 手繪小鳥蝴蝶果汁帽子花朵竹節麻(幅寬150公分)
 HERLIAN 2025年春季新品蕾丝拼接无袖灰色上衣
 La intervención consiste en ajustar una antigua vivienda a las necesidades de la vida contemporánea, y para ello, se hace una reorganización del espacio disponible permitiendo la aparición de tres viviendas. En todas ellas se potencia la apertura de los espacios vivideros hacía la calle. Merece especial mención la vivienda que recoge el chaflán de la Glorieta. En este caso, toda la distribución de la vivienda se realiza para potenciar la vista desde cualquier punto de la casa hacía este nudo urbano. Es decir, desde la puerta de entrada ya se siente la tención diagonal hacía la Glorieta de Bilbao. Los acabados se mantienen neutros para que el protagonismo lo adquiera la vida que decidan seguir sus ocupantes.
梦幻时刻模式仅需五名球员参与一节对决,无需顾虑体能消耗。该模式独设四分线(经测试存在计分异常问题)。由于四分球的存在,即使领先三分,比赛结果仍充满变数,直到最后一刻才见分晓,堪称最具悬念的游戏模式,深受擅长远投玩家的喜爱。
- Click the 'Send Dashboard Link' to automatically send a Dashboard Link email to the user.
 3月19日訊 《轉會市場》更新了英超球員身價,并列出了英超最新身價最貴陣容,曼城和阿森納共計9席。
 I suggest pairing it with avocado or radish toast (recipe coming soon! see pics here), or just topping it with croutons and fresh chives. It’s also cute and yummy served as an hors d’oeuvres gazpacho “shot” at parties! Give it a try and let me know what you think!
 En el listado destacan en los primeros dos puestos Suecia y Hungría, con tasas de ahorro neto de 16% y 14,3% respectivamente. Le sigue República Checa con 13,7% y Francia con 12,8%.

__Requirement__. Please restate the records word for word. Go from the first line to the line with "HERLIAN 2025年春季新品蕾丝拼接无袖灰色上衣" and include both.

__Task response__.
 手繪小鳥蝴蝶果汁帽子花朵竹節麻(幅寬150公分)
 HERLIAN 2025年春季新品蕾丝拼接无袖灰色上衣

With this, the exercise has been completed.